Dan LaLee Streamline Retractable Hardtop Car, 1938

Borrowing ideas from the transport planes he has piloted, a California airman designed and built a streamline automobile with a rudderlike tail. With its supercharged V-eight motor he asserts that the car will travel 120 miles an hour, yet it is economical in fuel use, delivering eighteen miles to the gallon at sixty miles an hour. Wind resistance is reduced to a minimum, even on the front wheels which have independent “pants” that turn with the wheel. Electric controls are built in wherever possible.

A push button on the dash opens the doors. The disappearing top swings into place at the touch of another button, embodying the same mechanism applied to raising and lowering landing gear in an airplane. When the top is raised it forms a strong steel turret roof.

The car has a 112-inch wheelbase. Built low, the car has no running boards. The headlights retract into the fenders.
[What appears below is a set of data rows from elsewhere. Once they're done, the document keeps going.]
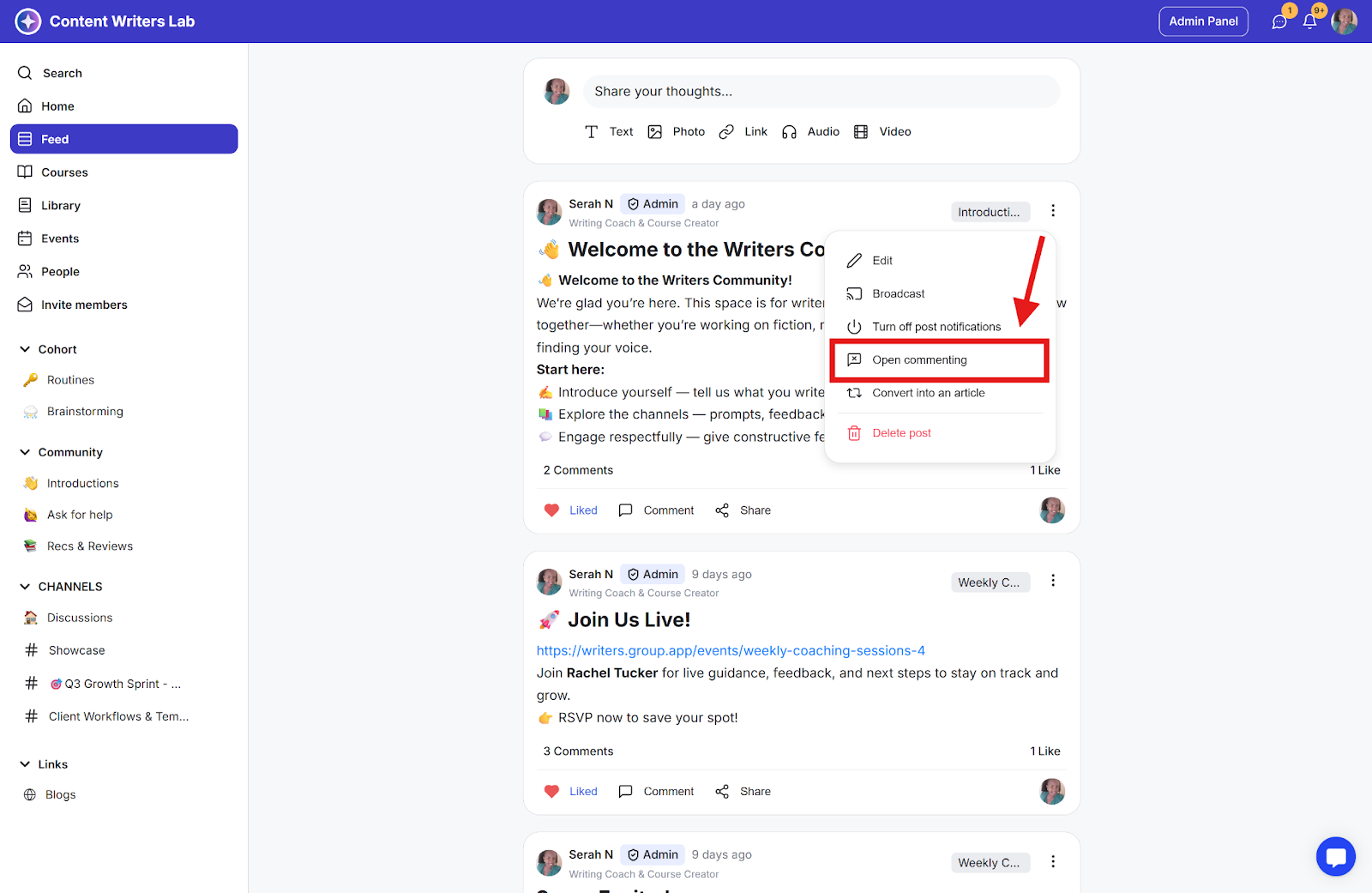 Step 3: To enable commenting, click again on the post's three-dot icon and click the Open Commenting option.
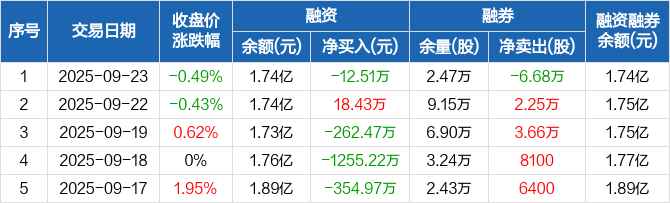 新宝股份:融资净偿还12.51万元,融资余额1.74亿元(09-23)
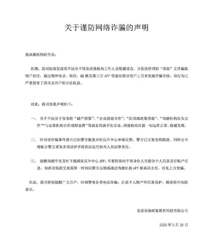 记者根据近期消费者反馈的情况联系北京原驰蜡象教育科技有限公司,有关工作人员称公司2023年就已发布防骗声明。记者在其官方微博看到,该企业于2023年发布一则名为“关于谨防网络诈骗的声明”中提到:企业陆续发现有不法分子冒充尚德机构工作人员散播谣言,并伪造所谓的“清退”文件骗取用户信任,通过境外电话、短信、QQ群及第三方APP等途径诱导用户上当并实施诈骗手段。
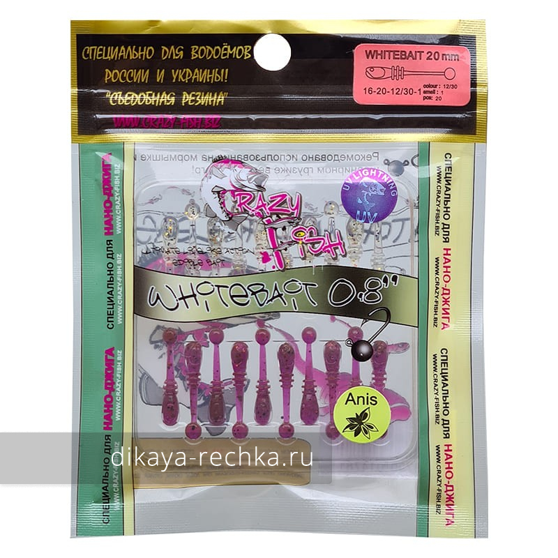 Whitebait - наноприманка для ловли белой рыбы, которая, как известно, часто соблазняется на мелкий силикон. Плотва, карась, елец и даже лещ - совсем не редкие гости в уловах микроджигеров. Еще один вариант применения - соревнования, где уловы зачастую состоят из мелкого окуня. Шарик на хвосте приманки активно работает при анимации удилищем.

The photos all date from February 10, 1938, and depict LaLee, along with Jack Knight of United Air Lines and model Betty Bryant, showing off the retractable in or around Dearborn, Michigan. A couple of the photo descriptions include the word “rebuilt” and those wheels appear to come from an earlier Ford, so we can presume LaLee used a chassis from a wrecked car on which to base his retractable.